(Stored items from a collection)
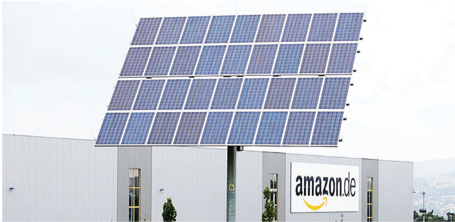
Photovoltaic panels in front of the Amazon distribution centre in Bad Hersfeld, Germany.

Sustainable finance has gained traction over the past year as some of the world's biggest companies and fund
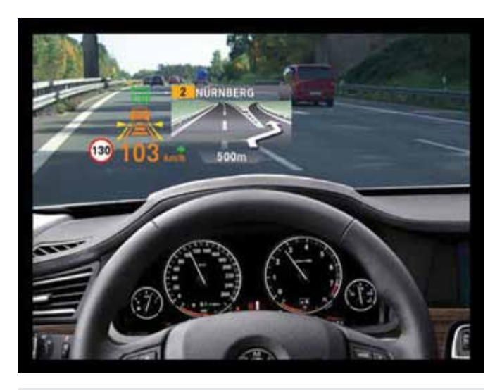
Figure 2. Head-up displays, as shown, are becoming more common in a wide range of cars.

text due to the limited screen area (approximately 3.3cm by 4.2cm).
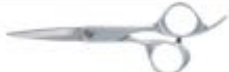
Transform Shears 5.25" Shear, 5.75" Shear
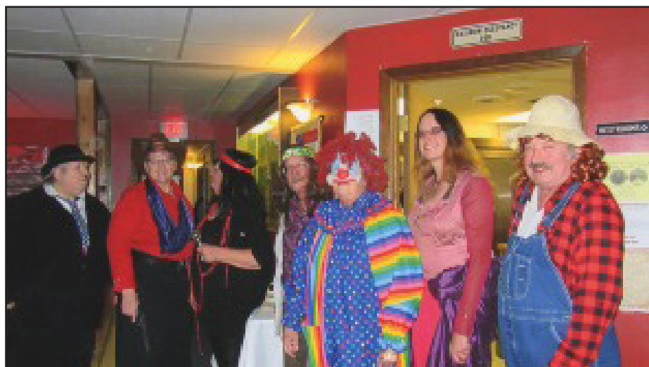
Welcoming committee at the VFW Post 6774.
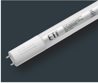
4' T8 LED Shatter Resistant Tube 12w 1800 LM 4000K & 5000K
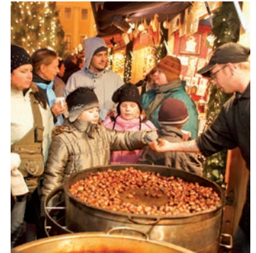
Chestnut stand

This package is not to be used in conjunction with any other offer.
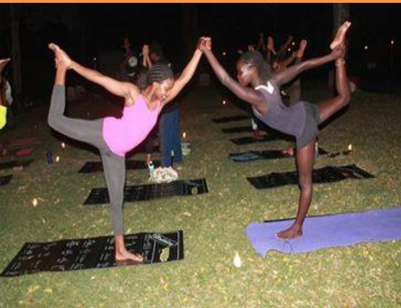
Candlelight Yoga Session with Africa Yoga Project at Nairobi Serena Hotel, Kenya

* * *

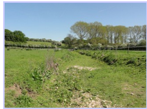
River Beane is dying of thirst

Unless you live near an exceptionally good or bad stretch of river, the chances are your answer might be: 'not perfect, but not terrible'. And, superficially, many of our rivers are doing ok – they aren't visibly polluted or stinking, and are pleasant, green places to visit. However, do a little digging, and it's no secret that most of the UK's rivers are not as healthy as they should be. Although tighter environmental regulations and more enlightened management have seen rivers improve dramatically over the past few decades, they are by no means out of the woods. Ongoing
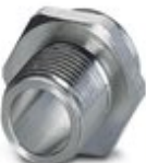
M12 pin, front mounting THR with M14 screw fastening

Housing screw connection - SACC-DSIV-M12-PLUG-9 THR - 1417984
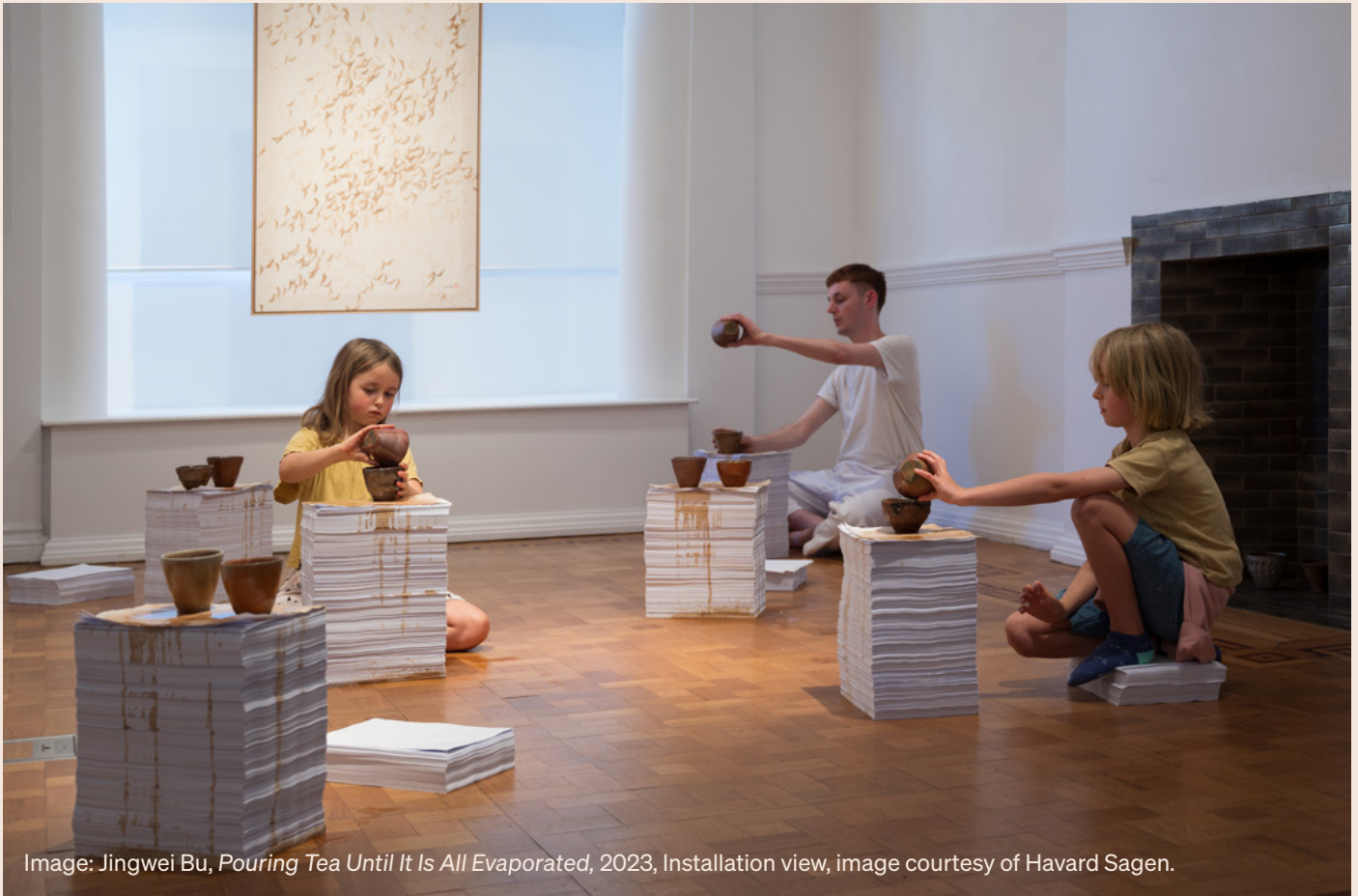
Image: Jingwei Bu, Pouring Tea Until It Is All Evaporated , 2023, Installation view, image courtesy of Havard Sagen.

◆ **What to work on**
What's needed is an exact copy of the lines above from the one with "Chestnut stand" through the one with "Candlelight Yoga Session", both included; the pictures stay out.

◆ **Expected answer**
Chestnut stand

This package is not to be used in conjunction with any other offer.
Candlelight Yoga Session with Africa Yoga Project at Nairobi Serena Hotel, Kenya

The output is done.